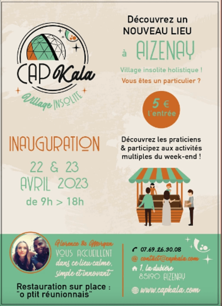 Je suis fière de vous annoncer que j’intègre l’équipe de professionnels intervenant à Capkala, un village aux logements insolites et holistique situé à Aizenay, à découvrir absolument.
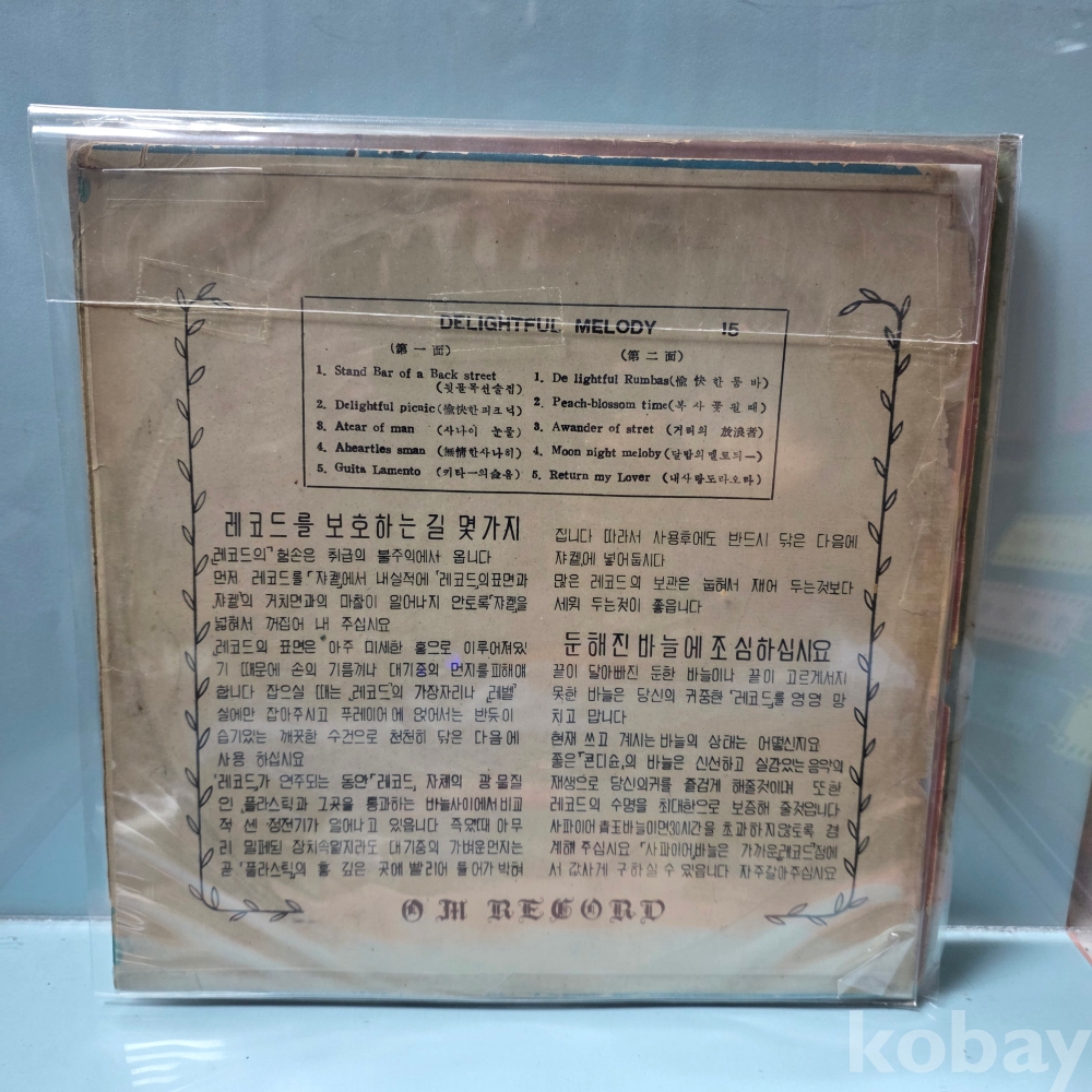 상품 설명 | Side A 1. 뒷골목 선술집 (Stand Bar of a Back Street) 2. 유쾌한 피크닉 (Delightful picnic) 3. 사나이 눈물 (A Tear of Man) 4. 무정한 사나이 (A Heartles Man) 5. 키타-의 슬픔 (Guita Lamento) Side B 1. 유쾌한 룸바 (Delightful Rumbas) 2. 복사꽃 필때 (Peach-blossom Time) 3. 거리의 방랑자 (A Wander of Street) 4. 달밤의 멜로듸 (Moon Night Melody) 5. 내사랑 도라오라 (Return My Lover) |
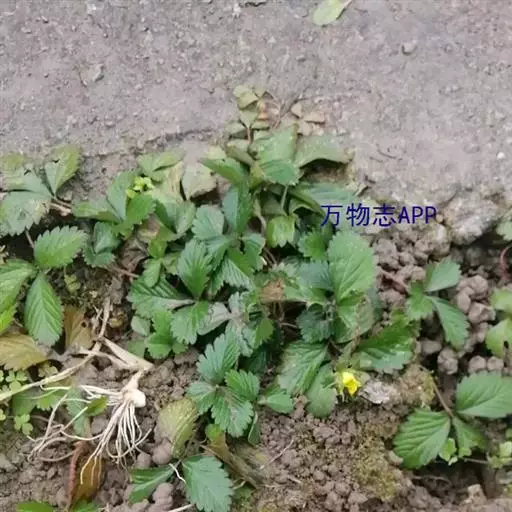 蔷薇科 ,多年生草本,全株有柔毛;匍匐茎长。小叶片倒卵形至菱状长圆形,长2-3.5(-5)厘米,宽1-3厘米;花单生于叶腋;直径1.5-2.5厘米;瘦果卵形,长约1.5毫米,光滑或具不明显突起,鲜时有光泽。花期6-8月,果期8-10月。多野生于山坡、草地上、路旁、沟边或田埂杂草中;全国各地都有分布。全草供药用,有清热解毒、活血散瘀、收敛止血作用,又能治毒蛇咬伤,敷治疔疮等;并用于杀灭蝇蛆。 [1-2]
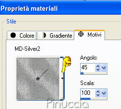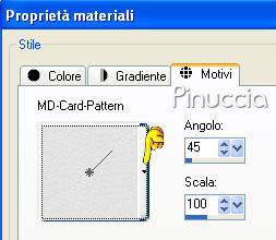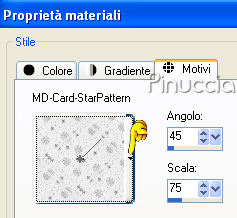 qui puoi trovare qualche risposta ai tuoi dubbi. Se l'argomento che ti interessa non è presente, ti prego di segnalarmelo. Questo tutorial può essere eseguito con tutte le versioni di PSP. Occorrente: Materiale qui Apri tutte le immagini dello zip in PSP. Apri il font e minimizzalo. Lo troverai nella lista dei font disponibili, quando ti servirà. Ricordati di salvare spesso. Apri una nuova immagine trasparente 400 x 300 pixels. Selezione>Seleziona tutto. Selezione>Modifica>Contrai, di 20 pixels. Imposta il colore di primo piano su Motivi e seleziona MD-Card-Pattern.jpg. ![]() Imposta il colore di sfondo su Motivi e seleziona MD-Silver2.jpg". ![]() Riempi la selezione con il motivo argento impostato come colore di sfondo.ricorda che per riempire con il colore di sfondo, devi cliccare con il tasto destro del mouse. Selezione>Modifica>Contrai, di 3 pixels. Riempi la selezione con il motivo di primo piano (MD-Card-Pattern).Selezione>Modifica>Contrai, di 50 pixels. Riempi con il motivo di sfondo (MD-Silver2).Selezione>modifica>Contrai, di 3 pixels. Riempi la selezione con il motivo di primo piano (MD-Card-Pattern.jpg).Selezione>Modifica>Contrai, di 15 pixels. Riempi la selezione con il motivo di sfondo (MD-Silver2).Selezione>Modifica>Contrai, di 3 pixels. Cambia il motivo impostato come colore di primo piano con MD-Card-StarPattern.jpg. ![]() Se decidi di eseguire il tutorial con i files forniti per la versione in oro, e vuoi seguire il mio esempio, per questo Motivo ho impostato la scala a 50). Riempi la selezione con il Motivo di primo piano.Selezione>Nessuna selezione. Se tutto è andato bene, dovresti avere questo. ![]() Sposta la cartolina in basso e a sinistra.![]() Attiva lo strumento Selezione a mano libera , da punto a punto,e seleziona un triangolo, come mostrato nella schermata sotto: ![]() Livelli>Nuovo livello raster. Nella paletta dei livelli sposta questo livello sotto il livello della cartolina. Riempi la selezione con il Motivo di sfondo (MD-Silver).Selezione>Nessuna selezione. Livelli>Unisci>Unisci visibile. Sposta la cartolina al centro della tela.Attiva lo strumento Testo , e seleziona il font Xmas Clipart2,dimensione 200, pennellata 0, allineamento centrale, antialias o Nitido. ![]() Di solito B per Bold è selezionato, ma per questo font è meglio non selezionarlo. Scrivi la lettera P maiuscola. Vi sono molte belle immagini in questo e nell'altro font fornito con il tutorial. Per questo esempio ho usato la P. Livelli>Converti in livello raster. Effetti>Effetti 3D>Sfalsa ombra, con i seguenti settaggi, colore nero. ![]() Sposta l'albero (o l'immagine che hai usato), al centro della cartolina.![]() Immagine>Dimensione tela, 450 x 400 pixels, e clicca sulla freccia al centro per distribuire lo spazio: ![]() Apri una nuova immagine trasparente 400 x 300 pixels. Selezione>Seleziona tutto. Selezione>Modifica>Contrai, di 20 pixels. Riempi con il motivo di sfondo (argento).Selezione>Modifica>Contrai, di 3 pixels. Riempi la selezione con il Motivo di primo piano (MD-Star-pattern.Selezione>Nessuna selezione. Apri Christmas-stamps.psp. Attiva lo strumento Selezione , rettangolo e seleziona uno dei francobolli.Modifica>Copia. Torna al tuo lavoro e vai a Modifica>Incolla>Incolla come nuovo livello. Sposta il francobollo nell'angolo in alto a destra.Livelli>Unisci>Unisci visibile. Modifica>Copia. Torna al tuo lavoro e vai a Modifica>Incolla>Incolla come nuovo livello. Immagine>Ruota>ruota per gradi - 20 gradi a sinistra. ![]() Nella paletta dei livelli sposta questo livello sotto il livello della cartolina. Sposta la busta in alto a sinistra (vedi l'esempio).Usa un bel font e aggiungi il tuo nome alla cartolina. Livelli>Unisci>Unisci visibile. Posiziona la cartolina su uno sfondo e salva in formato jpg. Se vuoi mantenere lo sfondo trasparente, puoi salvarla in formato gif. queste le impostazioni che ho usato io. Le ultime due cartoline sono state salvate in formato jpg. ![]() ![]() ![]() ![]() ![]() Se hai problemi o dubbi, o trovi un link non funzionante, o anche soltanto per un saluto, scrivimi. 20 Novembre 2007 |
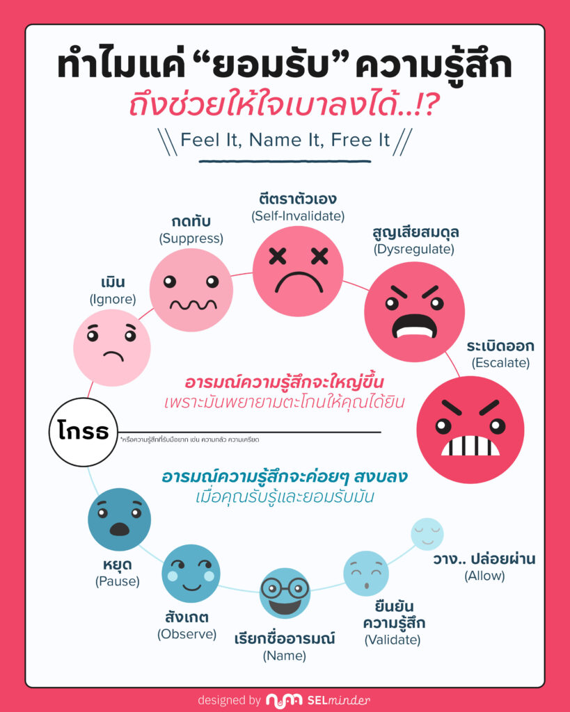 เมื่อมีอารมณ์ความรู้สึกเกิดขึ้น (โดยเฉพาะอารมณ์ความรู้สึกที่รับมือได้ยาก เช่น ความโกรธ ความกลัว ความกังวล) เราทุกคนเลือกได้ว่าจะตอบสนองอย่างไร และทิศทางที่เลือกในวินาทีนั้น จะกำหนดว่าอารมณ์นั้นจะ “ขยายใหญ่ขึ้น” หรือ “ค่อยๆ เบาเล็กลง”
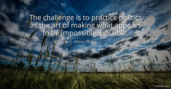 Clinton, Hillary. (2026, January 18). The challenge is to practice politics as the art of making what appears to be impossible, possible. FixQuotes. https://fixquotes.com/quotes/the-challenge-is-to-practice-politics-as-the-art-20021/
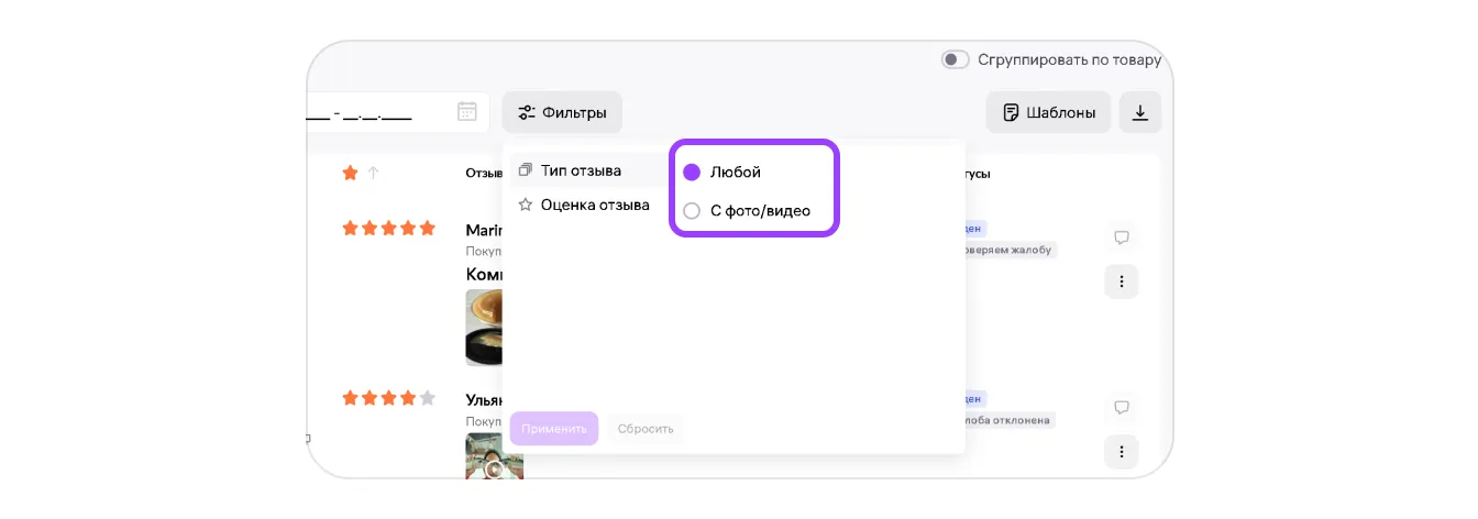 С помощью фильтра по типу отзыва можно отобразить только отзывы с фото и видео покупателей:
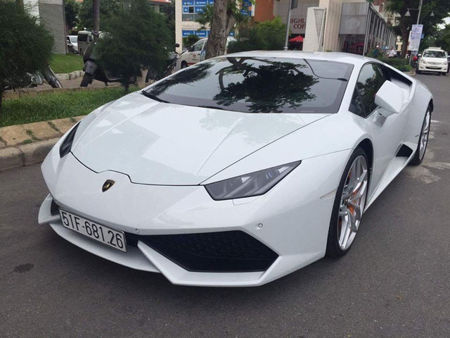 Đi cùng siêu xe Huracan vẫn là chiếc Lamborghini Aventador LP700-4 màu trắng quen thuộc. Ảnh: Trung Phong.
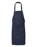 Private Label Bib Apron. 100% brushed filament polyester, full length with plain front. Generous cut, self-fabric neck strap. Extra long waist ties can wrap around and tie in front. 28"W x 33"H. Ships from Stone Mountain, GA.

◆ ◆ ◆ ◆

§ **REQUIREMENT**:
Repeat the listing above in full, exactly, and omit its pictures.

§ **ANSWER SECTION**:
 Je suis fière de vous annoncer que j’intègre l’équipe de professionnels intervenant à Capkala, un village aux logements insolites et holistique situé à Aizenay, à découvrir absolument.
 상품 설명 | Side A 1. 뒷골목 선술집 (Stand Bar of a Back Street) 2. 유쾌한 피크닉 (Delightful picnic) 3. 사나이 눈물 (A Tear of Man) 4. 무정한 사나이 (A Heartles Man) 5. 키타-의 슬픔 (Guita Lamento) Side B 1. 유쾌한 룸바 (Delightful Rumbas) 2. 복사꽃 필때 (Peach-blossom Time) 3. 거리의 방랑자 (A Wander of Street) 4. 달밤의 멜로듸 (Moon Night Melody) 5. 내사랑 도라오라 (Return My Lover) |
 蔷薇科 ,多年生草本,全株有柔毛;匍匐茎长。小叶片倒卵形至菱状长圆形,长2-3.5(-5)厘米,宽1-3厘米;花单生于叶腋;直径1.5-2.5厘米;瘦果卵形,长约1.5毫米,光滑或具不明显突起,鲜时有光泽。花期6-8月,果期8-10月。多野生于山坡、草地上、路旁、沟边或田埂杂草中;全国各地都有分布。全草供药用,有清热解毒、活血散瘀、收敛止血作用,又能治毒蛇咬伤,敷治疔疮等;并用于杀灭蝇蛆。 [1-2]
 qui puoi trovare qualche risposta ai tuoi dubbi. Se l'argomento che ti interessa non è presente, ti prego di segnalarmelo. Questo tutorial può essere eseguito con tutte le versioni di PSP. Occorrente: Materiale qui Apri tutte le immagini dello zip in PSP. Apri il font e minimizzalo. Lo troverai nella lista dei font disponibili, quando ti servirà. Ricordati di salvare spesso. Apri una nuova immagine trasparente 400 x 300 pixels. Selezione>Seleziona tutto. Selezione>Modifica>Contrai, di 20 pixels. Imposta il colore di primo piano su Motivi e seleziona MD-Card-Pattern.jpg. ![]() Imposta il colore di sfondo su Motivi e seleziona MD-Silver2.jpg". ![]() Riempi la selezione con il motivo argento impostato come colore di sfondo.ricorda che per riempire con il colore di sfondo, devi cliccare con il tasto destro del mouse. Selezione>Modifica>Contrai, di 3 pixels. Riempi la selezione con il motivo di primo piano (MD-Card-Pattern).Selezione>Modifica>Contrai, di 50 pixels. Riempi con il motivo di sfondo (MD-Silver2).Selezione>modifica>Contrai, di 3 pixels. Riempi la selezione con il motivo di primo piano (MD-Card-Pattern.jpg).Selezione>Modifica>Contrai, di 15 pixels. Riempi la selezione con il motivo di sfondo (MD-Silver2).Selezione>Modifica>Contrai, di 3 pixels. Cambia il motivo impostato come colore di primo piano con MD-Card-StarPattern.jpg. ![]() Se decidi di eseguire il tutorial con i files forniti per la versione in oro, e vuoi seguire il mio esempio, per questo Motivo ho impostato la scala a 50). Riempi la selezione con il Motivo di primo piano.Selezione>Nessuna selezione. Se tutto è andato bene, dovresti avere questo. ![]() Sposta la cartolina in basso e a sinistra.![]() Attiva lo strumento Selezione a mano libera , da punto a punto,e seleziona un triangolo, come mostrato nella schermata sotto: ![]() Livelli>Nuovo livello raster. Nella paletta dei livelli sposta questo livello sotto il livello della cartolina. Riempi la selezione con il Motivo di sfondo (MD-Silver).Selezione>Nessuna selezione. Livelli>Unisci>Unisci visibile. Sposta la cartolina al centro della tela.Attiva lo strumento Testo , e seleziona il font Xmas Clipart2,dimensione 200, pennellata 0, allineamento centrale, antialias o Nitido. ![]() Di solito B per Bold è selezionato, ma per questo font è meglio non selezionarlo. Scrivi la lettera P maiuscola. Vi sono molte belle immagini in questo e nell'altro font fornito con il tutorial. Per questo esempio ho usato la P. Livelli>Converti in livello raster. Effetti>Effetti 3D>Sfalsa ombra, con i seguenti settaggi, colore nero. ![]() Sposta l'albero (o l'immagine che hai usato), al centro della cartolina.![]() Immagine>Dimensione tela, 450 x 400 pixels, e clicca sulla freccia al centro per distribuire lo spazio: ![]() Apri una nuova immagine trasparente 400 x 300 pixels. Selezione>Seleziona tutto. Selezione>Modifica>Contrai, di 20 pixels. Riempi con il motivo di sfondo (argento).Selezione>Modifica>Contrai, di 3 pixels. Riempi la selezione con il Motivo di primo piano (MD-Star-pattern.Selezione>Nessuna selezione. Apri Christmas-stamps.psp. Attiva lo strumento Selezione , rettangolo e seleziona uno dei francobolli.Modifica>Copia. Torna al tuo lavoro e vai a Modifica>Incolla>Incolla come nuovo livello. Sposta il francobollo nell'angolo in alto a destra.Livelli>Unisci>Unisci visibile. Modifica>Copia. Torna al tuo lavoro e vai a Modifica>Incolla>Incolla come nuovo livello. Immagine>Ruota>ruota per gradi - 20 gradi a sinistra. ![]() Nella paletta dei livelli sposta questo livello sotto il livello della cartolina. Sposta la busta in alto a sinistra (vedi l'esempio).Usa un bel font e aggiungi il tuo nome alla cartolina. Livelli>Unisci>Unisci visibile. Posiziona la cartolina su uno sfondo e salva in formato jpg. Se vuoi mantenere lo sfondo trasparente, puoi salvarla in formato gif. queste le impostazioni che ho usato io. Le ultime due cartoline sono state salvate in formato jpg. ![]() ![]() ![]() ![]() ![]() Se hai problemi o dubbi, o trovi un link non funzionante, o anche soltanto per un saluto, scrivimi. 20 Novembre 2007 |
 เมื่อมีอารมณ์ความรู้สึกเกิดขึ้น (โดยเฉพาะอารมณ์ความรู้สึกที่รับมือได้ยาก เช่น ความโกรธ ความกลัว ความกังวล) เราทุกคนเลือกได้ว่าจะตอบสนองอย่างไร และทิศทางที่เลือกในวินาทีนั้น จะกำหนดว่าอารมณ์นั้นจะ “ขยายใหญ่ขึ้น” หรือ “ค่อยๆ เบาเล็กลง”
 Clinton, Hillary. (2026, January 18). The challenge is to practice politics as the art of making what appears to be impossible, possible. FixQuotes. https://fixquotes.com/quotes/the-challenge-is-to-practice-politics-as-the-art-20021/
 С помощью фильтра по типу отзыва можно отобразить только отзывы с фото и видео покупателей:
 Đi cùng siêu xe Huracan vẫn là chiếc Lamborghini Aventador LP700-4 màu trắng quen thuộc. Ảnh: Trung Phong.
 Private Label Bib Apron. 100% brushed filament polyester, full length with plain front. Generous cut, self-fabric neck strap. Extra long waist ties can wrap around and tie in front. 28"W x 33"H. Ships from Stone Mountain, GA.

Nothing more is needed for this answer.